• Record set:
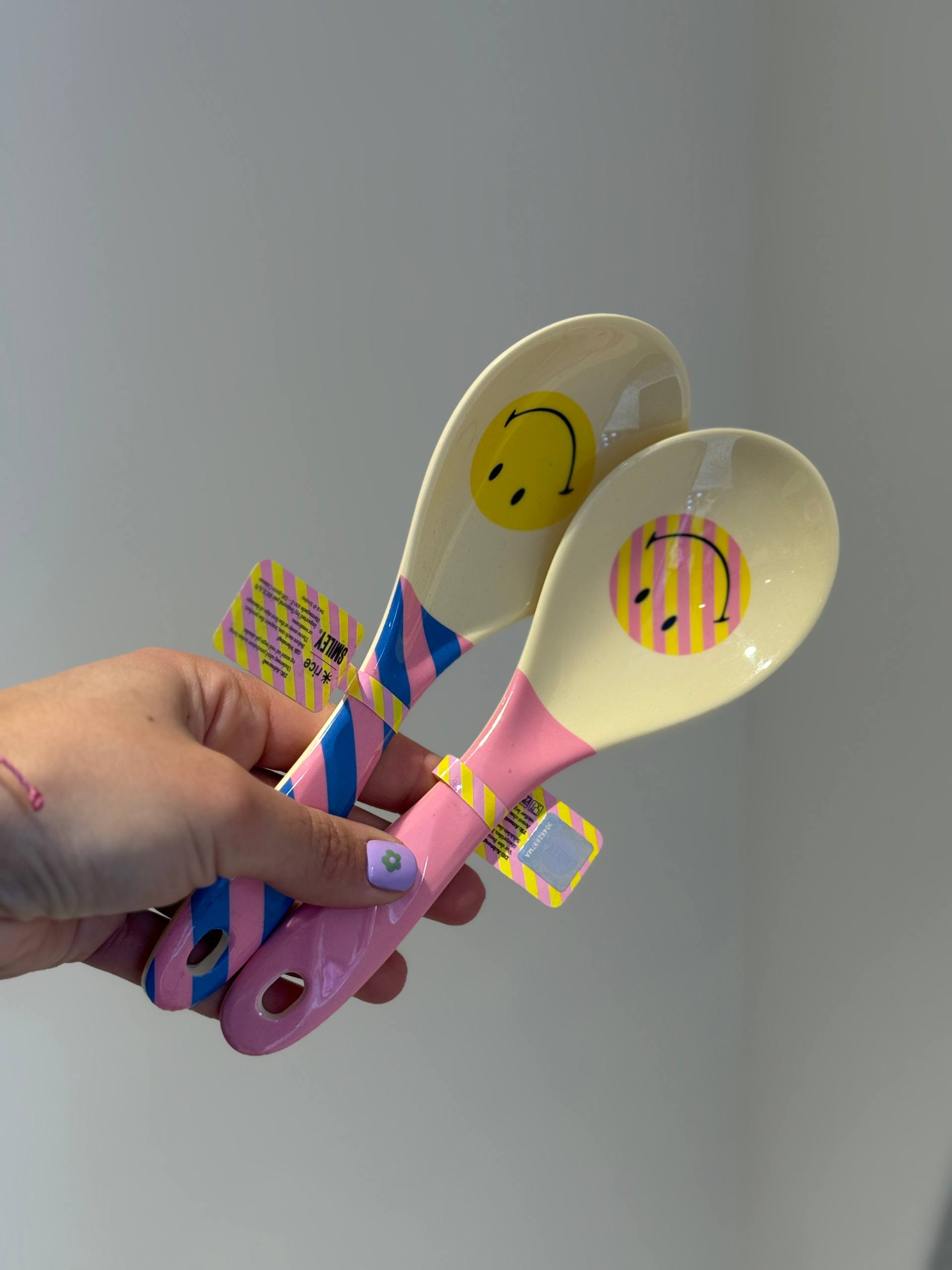 Cucchiaio grande con disegno smile disponibile in due varianti di colore. Perfetto per ogni occasione, usalo per il picnic, feste o semplicemente per la tua insalata. Questo prodotto è realizzato in melamina, un materiale durevole e pratico. Può andare in lavastoviglie ma non è adatto al microonde.
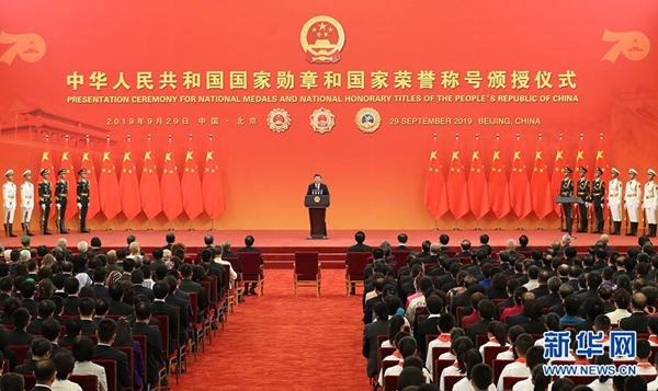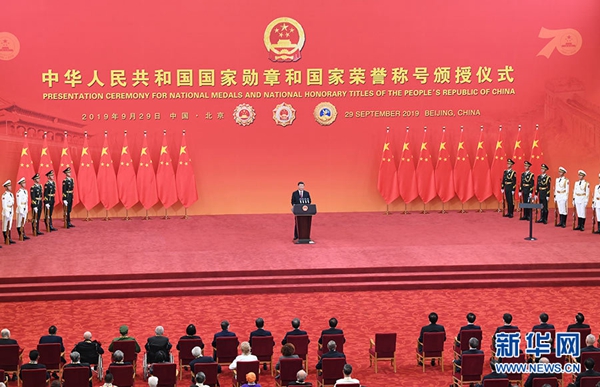 9月29日,中华人民共和国国家勋章和国家荣誉称号颁授仪式在北京人民大会堂金色大厅隆重举行。中共中央总书记、国家主席、中央军委主席习近平向国家勋章和国家荣誉称号获得者颁授勋章奖章并发表重要讲话。 新华社记者 黄敬文 摄
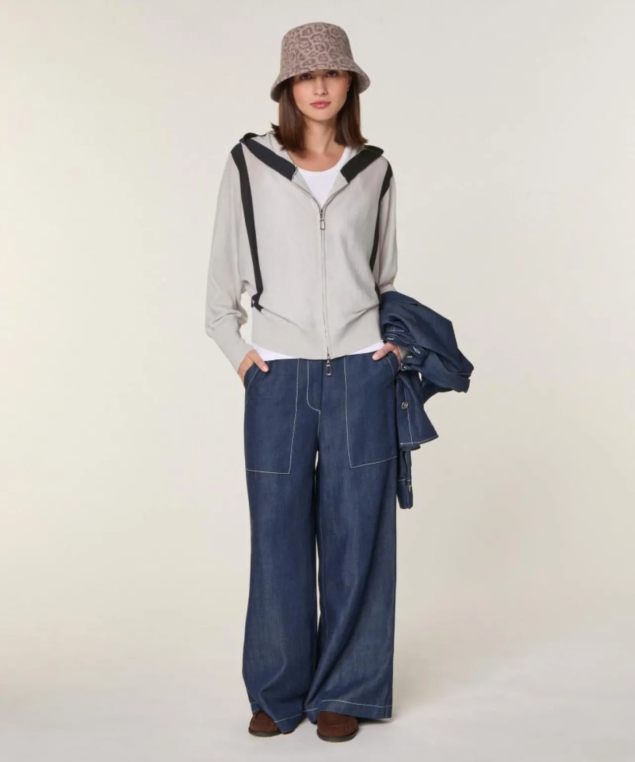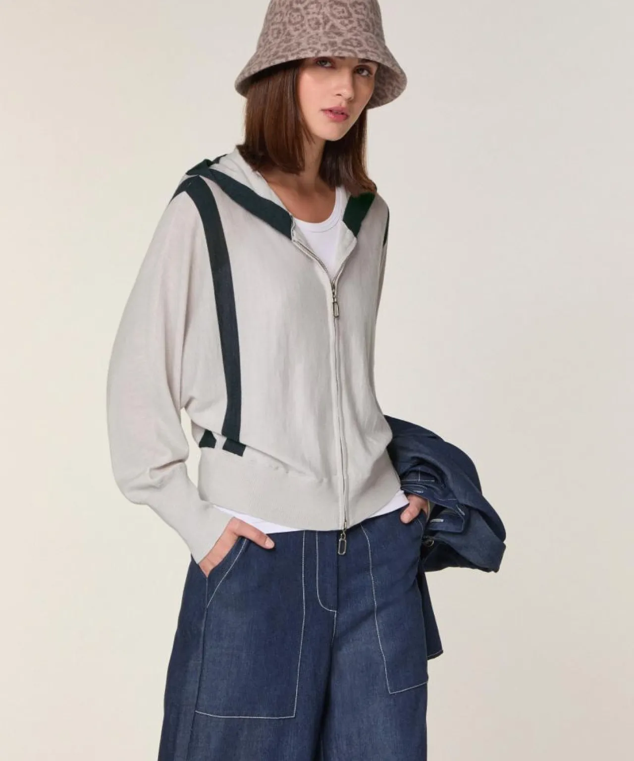 Gilet Ghislaine en Laine Bi-Couleur blanc
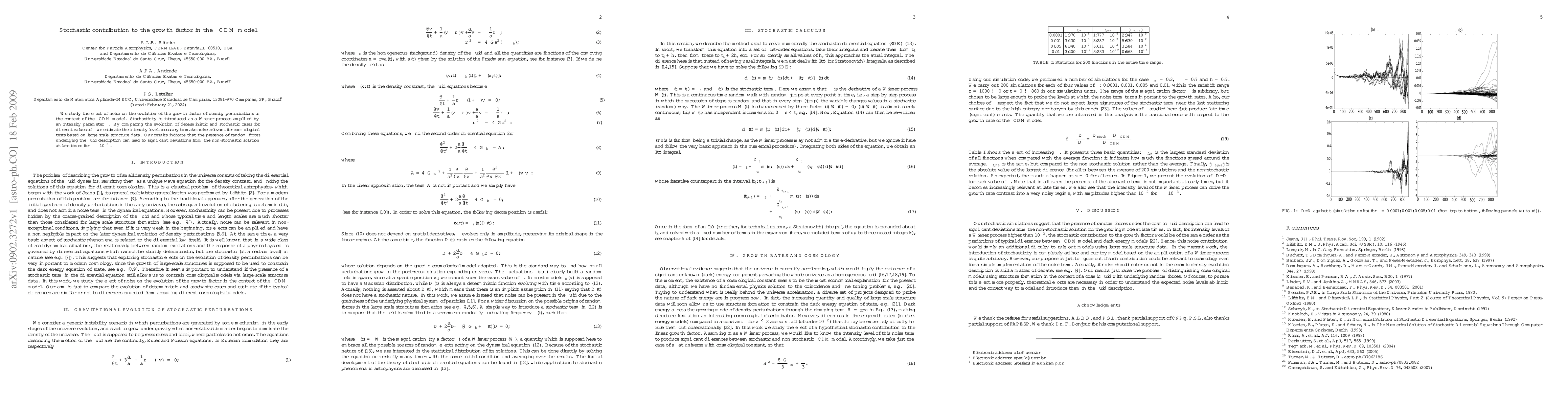 We study the effect of noise on the evolution of the growth factor of density perturbations in the context of the LCDM model. Stochasticity is introduced as a Wiener process amplified by an intensity parameter alpha. By comparing the evolution of deterministic and stochastic cases for different values of alpha we estimate the intensity level necessary to make noise relevant for cosmological tests based on large-scale structure data. Our results indicate that the presence of random forces underlying the fluid description can lead to significant deviations from the nonstochastic solution at late times for alpha>0.001.
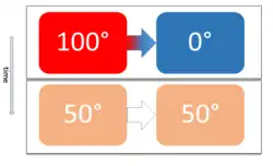 Supposons une évolution dans laquelle un corps 1, ayant une température élevée , transmet de la chaleur à un corps 2, ayant une température basse . À l'équilibre ils atteignent la température . Les deux corps échangent les chaleurs :
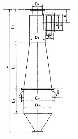 CLK擴散式旋(xuán)風除塵器,適用於捕集(jí)幹燥的非纖(xiān)維性的顆粒狀粉塵,主(zhǔ)要特點是筒身呈圓錐形,因而減少了含塵氣體自筒身中心短路到出口去(qù)的可能性,並裝有圓錐形(xíng)的反射屏,防止兩次氣流將(jiāng)已經分(fèn)離下來的粉塵(chén)重新卷起,被上升氣流帶出(chū),因(yīn)而提高了除塵效率.
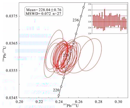 - Hu, H.; Wang, R.C.; Chen, W.F.; Chen, P.R.; Ling, H.F.; Liu, G.N. Timing of hydrothermal activity associated with the Douzhashan uranium-bearing granite and its significance for uranium mineralization in northeastern Guangxi, China. Chin. Sci. Bull. 2013, 58, 4319–4328. [Google Scholar] [CrossRef] [Green Version]
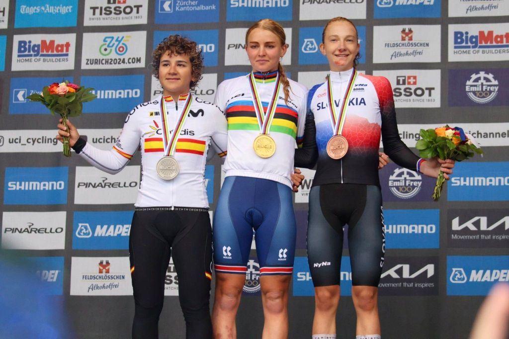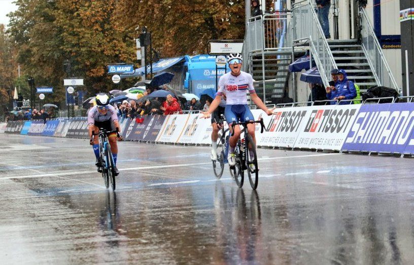 Cat Ferguson es la nueva campeona del mundo júnior de ruta. La navarra Paula Ostiz ha sido segunda. Bajo el diluvio, la británica, ya coronada en la contrarreloj hace dos días, venció a sus dos últimas rivales al sprint, la española Paula Ostiz y la eslovaca Viktoria Chladonova . Tras la canadiense Geneviève Jeanson (1999), las británicas Nicole Cooke (2001) y Zoe Backstedt (2022), la estadounidense Chloé Dygert (2015) y la italiana Elena Pirrone (2017). Cat Ferguson es la sexta corredora en lograr la doble ruta y contrarreloj en la misma edición del Mundial. Por su parte, Paula Ostiz, la primera júnior española en colgarse una medalla en un Mundial.
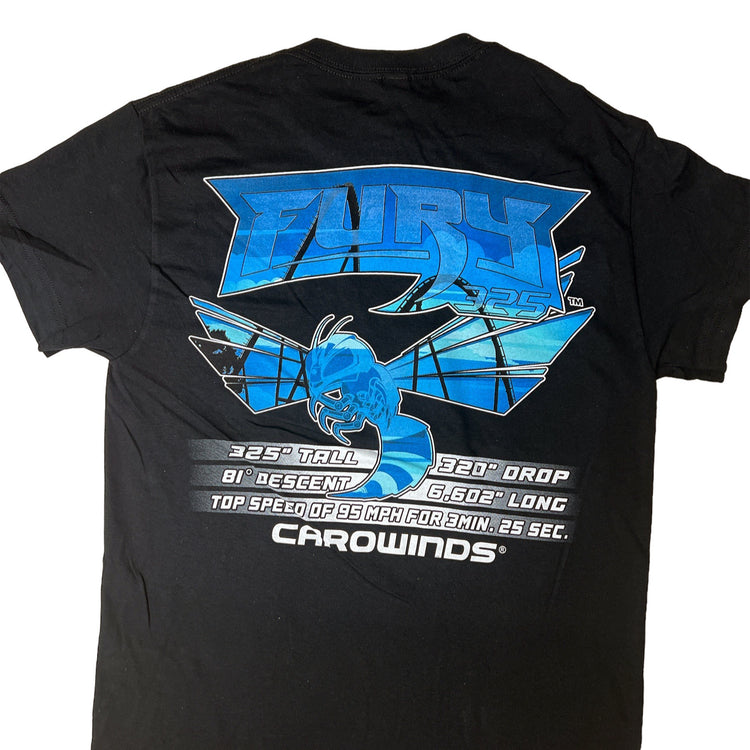 This Fury 325 Black Stats Tee is the perfect way for every coaster fan to represent their favorite ride! This tee shows off the fiery stats of the Fury 325 while also featuring its fierce mascot, the hornet. Show your excitement for coaster rides in style!
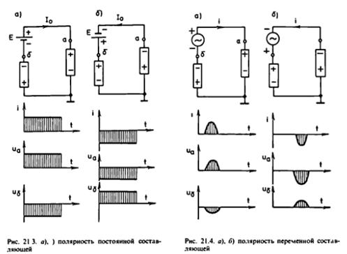 На рис. 21.3а и б показаны цепи, содержащие только постоянную составляющую. Здесь и в последующих схемах за положительную полярность выбрано направление по часовой стрелке. Под ними на основании упомянутого правила даны графики токов и полярность напряжений в точках а и б. На рис. 21.4 показана цепь, содержащая только переменную составляющую. Под схемами начерчены графики токов и дана полярность напряжений в точках а и б в один и другой полупериод. На рис. 21.5 показана цепь, содержащая одновременно и постоянную и переменную составляющие, причем постоянная составляющая положительна. И здесь начерчены графики токов и обозначена полярность напряжений в точках а и б. Обратите внимание на то, что в один полупериод постоянная и переменная составляющие имеют одно направление, благодаря чему абсолютное значение токов и напряжений возрастает. В другой полупериод постоянная и переменная составляющие имеют противоположное направление, благодаря чему абсолютная величина токов и напряжений уменьшается. На рис. 21.6 показана та же цепь, однако ее постоянная составляющая отрицательна.
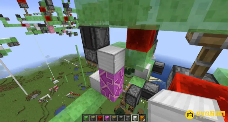 1、零延时的电路制作:因为世吞需要让排水机或轰炸机同时运作,那么零延时的电路作用显得非常重要,这里我们利用红石块和粘性活塞的互动来制作0延时电路。这个就是世吞常用的0延时骨架,当我敲掉最右边的红石块时,所有的骨架会同时下降一格。
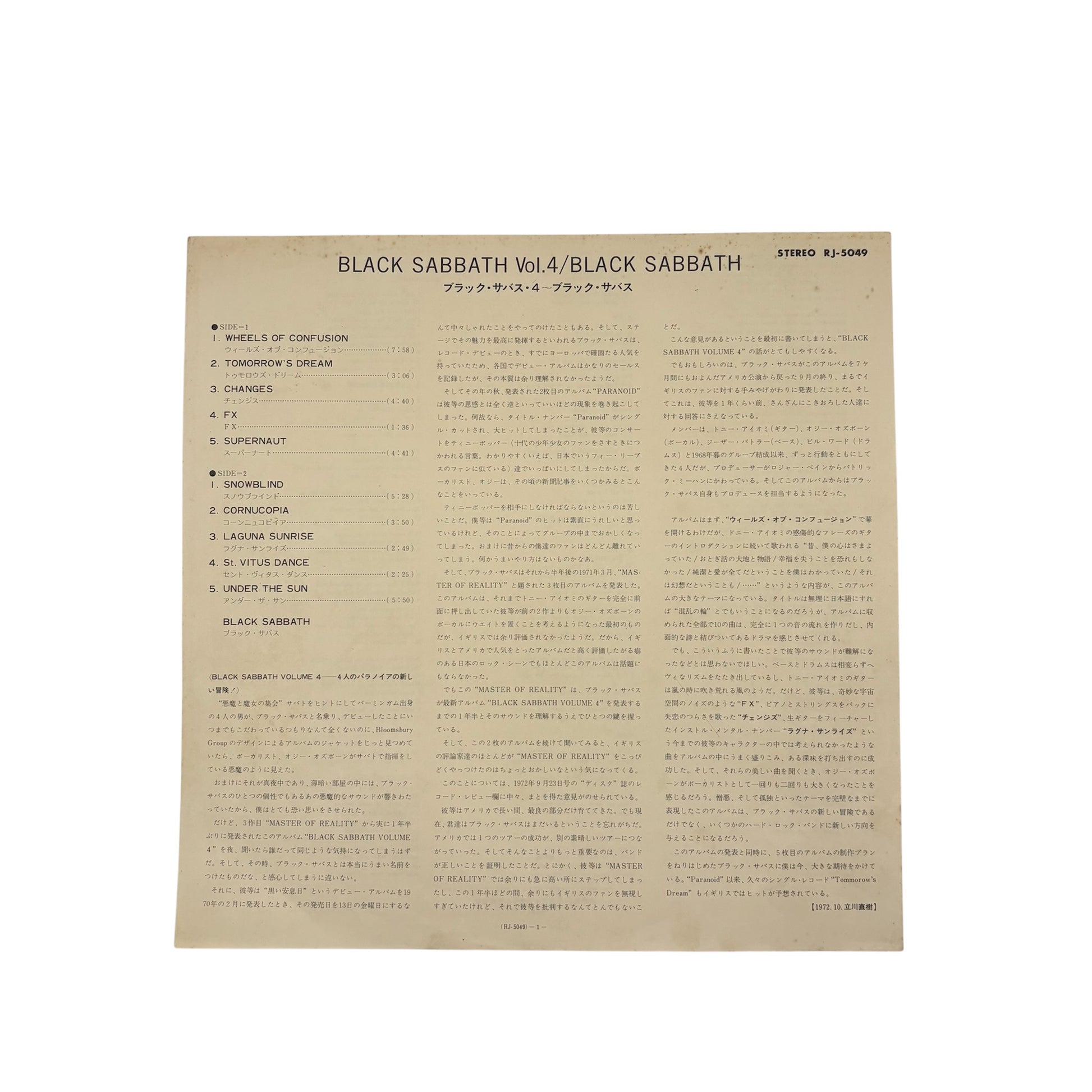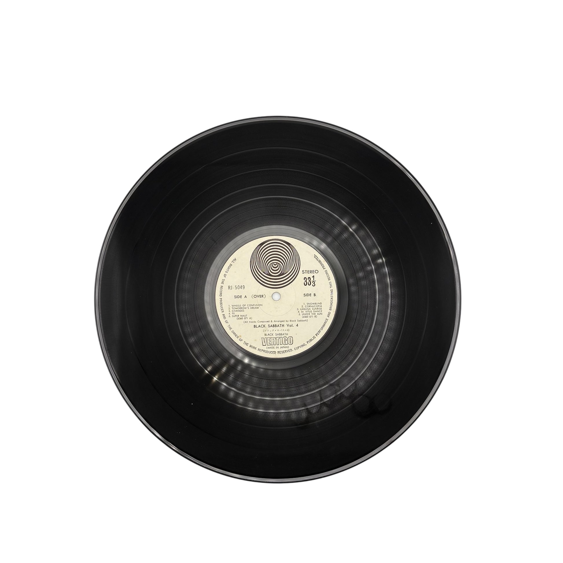 A highly collectible original Japanese pressing of Black Sabbath’s classic fourth studio album Vol. 4, featuring the coveted RJ-5049 Vertigo pressing on black vinyl, accompanied by the lyric insert. This edition is especially prized among collectors due to its rarity and the quality of Japanese vinyl pressings from the early 1970s.

• Task item:
Give again, please, precisely the lines that begin the records and run through the line with "新华社记者 黄敬文 摄" in it, keeping both end lines and dropping any pictures.

• Problem solution:
 Cucchiaio grande con disegno smile disponibile in due varianti di colore. Perfetto per ogni occasione, usalo per il picnic, feste o semplicemente per la tua insalata. Questo prodotto è realizzato in melamina, un materiale durevole e pratico. Può andare in lavastoviglie ma non è adatto al microonde.
 9月29日,中华人民共和国国家勋章和国家荣誉称号颁授仪式在北京人民大会堂金色大厅隆重举行。中共中央总书记、国家主席、中央军委主席习近平向国家勋章和国家荣誉称号获得者颁授勋章奖章并发表重要讲话。 新华社记者 黄敬文 摄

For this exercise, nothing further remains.